Not to get all theoretical on you, but one thing that I think continues to plague Google is the lack of a clear brand for all of its location-sensitive products—which sounds like a trivial thing, except the Local search space is already so fragmented for consumers, and so confusing for business owners, that it hurts the overall effectiveness of a campaign like this.

Over the years, we’ve seen Google Maps change to Google Local, and then back to Google Maps.  Then the Local Business Center came out and was renamed to Google Places.  Just as business owners have started to get the difference between Paid and Organic search results, Place Search came out and threw in another moniker they’ve got to keep track of.

Then Hotpot came out, which apparently fits into Google Places somehow on the consumer side, but the stickers and business outreach that Google is doing are all being branded as Places on storefronts.  Google’s ads in the Rose Garden and PDX Airport all say Google Places, but the ones on OregonLive tout Hotpot more aggressively.

Clearly, Google has many more product offerings than most of their competitors (possibly save for Facebook) so it’s a bit of a challenge, but at some point a good umbrella sub-brand where business owners and consumers alike can find all of these location-sensitive offerings is going to be important.

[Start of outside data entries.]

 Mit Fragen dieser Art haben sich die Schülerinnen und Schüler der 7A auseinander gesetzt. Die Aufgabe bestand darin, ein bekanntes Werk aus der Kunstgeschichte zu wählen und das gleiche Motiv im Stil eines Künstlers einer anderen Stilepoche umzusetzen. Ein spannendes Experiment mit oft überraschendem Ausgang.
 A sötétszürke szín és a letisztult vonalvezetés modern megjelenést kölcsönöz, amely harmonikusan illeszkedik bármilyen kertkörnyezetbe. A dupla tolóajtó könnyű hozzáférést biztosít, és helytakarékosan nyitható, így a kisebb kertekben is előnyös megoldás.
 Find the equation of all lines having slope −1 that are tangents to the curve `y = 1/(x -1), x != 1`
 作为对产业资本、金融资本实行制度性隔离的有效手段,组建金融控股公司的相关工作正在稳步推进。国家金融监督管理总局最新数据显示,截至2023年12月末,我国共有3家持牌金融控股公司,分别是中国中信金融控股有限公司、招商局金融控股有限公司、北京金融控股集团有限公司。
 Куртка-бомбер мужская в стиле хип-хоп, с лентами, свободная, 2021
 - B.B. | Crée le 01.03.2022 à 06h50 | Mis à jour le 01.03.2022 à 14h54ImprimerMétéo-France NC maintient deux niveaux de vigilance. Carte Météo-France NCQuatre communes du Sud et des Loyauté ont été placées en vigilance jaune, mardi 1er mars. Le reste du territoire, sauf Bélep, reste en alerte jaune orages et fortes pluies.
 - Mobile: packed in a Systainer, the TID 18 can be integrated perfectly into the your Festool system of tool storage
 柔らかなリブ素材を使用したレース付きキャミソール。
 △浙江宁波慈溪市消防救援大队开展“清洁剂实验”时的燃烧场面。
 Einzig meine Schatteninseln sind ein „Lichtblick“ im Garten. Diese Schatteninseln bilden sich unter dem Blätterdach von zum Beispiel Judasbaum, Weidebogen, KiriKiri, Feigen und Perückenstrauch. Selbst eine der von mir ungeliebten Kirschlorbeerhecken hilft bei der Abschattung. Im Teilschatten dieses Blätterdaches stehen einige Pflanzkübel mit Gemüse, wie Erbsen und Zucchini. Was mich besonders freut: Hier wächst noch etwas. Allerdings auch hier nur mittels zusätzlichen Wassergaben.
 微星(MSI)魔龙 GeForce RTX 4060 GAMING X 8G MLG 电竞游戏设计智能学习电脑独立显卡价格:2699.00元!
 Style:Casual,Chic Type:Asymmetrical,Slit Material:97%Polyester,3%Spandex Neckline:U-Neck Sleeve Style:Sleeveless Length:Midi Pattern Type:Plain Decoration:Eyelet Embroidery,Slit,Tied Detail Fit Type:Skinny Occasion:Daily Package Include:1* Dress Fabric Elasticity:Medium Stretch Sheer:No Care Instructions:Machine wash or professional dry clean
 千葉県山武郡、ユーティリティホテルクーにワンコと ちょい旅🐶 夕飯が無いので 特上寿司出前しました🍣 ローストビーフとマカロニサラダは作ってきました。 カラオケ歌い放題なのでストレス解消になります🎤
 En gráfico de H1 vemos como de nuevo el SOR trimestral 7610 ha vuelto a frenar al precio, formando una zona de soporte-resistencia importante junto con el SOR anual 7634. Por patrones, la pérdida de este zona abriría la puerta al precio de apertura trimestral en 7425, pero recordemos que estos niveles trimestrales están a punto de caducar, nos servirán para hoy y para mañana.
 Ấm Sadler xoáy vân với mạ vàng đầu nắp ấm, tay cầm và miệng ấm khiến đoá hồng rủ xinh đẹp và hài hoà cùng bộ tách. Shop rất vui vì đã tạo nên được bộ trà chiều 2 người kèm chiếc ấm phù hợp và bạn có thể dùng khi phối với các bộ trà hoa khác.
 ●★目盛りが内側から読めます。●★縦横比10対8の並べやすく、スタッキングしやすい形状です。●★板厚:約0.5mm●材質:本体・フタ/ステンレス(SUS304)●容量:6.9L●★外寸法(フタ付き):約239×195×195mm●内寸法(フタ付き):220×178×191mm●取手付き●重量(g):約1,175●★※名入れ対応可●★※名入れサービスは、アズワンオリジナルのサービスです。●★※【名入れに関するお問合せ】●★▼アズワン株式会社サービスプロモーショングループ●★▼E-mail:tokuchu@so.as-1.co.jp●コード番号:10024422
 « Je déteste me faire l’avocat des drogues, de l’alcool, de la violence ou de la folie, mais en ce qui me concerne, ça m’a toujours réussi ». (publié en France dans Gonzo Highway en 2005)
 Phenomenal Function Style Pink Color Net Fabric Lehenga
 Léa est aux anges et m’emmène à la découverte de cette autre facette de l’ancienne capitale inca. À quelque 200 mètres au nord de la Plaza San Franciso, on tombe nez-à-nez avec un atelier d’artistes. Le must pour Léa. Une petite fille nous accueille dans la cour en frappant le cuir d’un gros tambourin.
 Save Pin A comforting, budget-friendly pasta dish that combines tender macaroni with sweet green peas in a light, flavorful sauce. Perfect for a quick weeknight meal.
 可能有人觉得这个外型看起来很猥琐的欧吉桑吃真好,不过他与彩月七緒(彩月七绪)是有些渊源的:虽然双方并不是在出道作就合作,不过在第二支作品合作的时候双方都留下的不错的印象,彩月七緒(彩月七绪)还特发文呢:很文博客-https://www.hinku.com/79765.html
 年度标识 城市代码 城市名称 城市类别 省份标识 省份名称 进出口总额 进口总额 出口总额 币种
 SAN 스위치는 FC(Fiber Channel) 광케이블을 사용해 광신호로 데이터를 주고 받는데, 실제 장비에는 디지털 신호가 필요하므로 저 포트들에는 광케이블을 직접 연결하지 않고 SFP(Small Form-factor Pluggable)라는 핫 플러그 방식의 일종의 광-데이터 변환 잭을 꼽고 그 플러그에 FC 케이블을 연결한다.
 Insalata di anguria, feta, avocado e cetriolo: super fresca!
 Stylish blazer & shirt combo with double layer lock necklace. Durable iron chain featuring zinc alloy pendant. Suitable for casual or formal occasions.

And then, there’s the very Googly-ness of Google itself.  Their campaign in Portland has gone WAAAAY out of the way to be conversational, friendly, approachable, and at times irreverent.  But according to those of my friends who have the iPhone (I’m waiting until February 10th for mine), the app itself is extremely bland and lacks the charisma of competitors’ like Yelp, Foursquare, Where, and others.  I’m just not sure it’s in Google’s DNA to make a “fun” and social user experience.

We know that what is in Google’s DNA is algorithm, algorithm, algorithm, and scalability, scalability, scalability.  I have no doubt they are assiduously testing the messages and placements that resonate with both consumers and business owners here in Portland so that they can learn what works and what doesn’t as they roll out similar campaigns in other markets.  But I think that the fun, social experience of the Places app is going to be essential if it is going to have long term staying power, and gain adoption without the kind of astronomically expensive blanketed marketing that Google is trying here.

All in all, I’ve been very impressed with how Google has executed towards both consumers and in the business community.  It’s the expense of such a campaign, and its scalability to other markets, that I question.


Full Disclosure: A Google Places representative will present at Local University Portland on February 22, but Google did not know that I would be writing this column, nor did they review any of the content before it was published. Also, I am publishing this article from Lovejoy Bakery in the Pearl District — one of my favorite spots in Portland — and one that Google happened to visit!